Os grandes jornais noticiaram dias atrás que o presidente do Supremo Tribunal de Justiça (STJ), João Otávio de Noronha, suspendeu a entrega dos exames de coronavírus feitos pelo Presidente Bolsonaro e solicitados pelo jornal Estado de São Paulo. A argumentação sustentada pelo ministro para encaminhar o veto à divulgação dos laudos laboratoriais é ridícula e causaria vergonha a qualquer estudante de direito, a começar pelo açodamento dos motivos alegados, que reduzem a questão ao estrito plano privado, isolando-a dos motivos reais que revelam a importância da sua publicidade.

Querer justificar direito à intimidade e à privacidade, como fundamentos para não entregar os exames, como faz o ministro, é negar que existam direitos maiores com os quais um presidente tem de lidar e responsabilidades ainda maiores que o cidadão Jair Bolsonaro assumiu ao ocupar a Presidência da República...

...Obviamente, Bolsonaro tem seus direitos individuais de cidadão. Ninguém está pedindo para ver as imagens do exame de próstata dele (só pra não esquecer as fixações bolsonarianas). Mas não há como preservar a privacidade individual, no cargo de presidente, em sua totalidade.

Aceitar que seja possível é concordar que um funcionário público tem direito de virar as costas para os cidadãos que estão à espera do seu atendimento para tratar de assuntos privados nas redes sociais do seu celular. Se Bolsonaro quer ter a vida privada e a intimidade totalmente protegidas, basta sair do Planalto e dispensar inclusive todo o aparato de segurança e de luxos pessoais que o lugar público de presidente lhe garante. Basta sair da vida pública e seguir uma vida ilibada de cidadão comum.

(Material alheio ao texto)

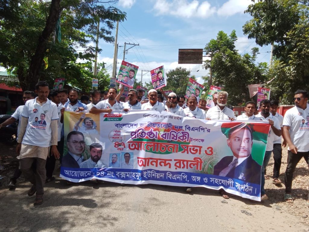ফেনী পরশুরাম উপজেলা বাংলাদেশ জাতীয়তাবাদী দল বিএনপির ৪৭তম প্রতিষ্ঠাবার্ষিকী উপলক্ষে উপজেলা ও পৌর বিএনপি যৌথভাবে স্টেশন রোড থেকে আজ বুধবার ১১ঘটিকা সময় বন্যাঢ্য শোভাযাত্রা বের করে শহরের প্রধান প্রধান সড়ক প্রদক্ষিণ করে।

Numa democracia, quando se exige que um presidente mostre o resultado de um exame pessoal não é porque se quer saber da intimidade dele, pensar assim é primário demais. Só se exige porque a privacidade da informação coloca em risco os cidadãos do País. O presidente faz campanha aberta contra uma pandemia, cujos lastros catastróficos são inegáveis em todo o planeta e não o faz inadvertidamente. Ignorou e debochou das orientações de órgãos mundiais de saúde e de pesquisas científicas sérias e ainda desrespeitou as diretrizes políticas e os protocolos do seu próprio Ministério da Saúde. Mais grave: demitiu o ministro por estar fazendo o trabalho em sintonia com a ciência e com os protocolos de saúde testados e adotados no mundo inteiro.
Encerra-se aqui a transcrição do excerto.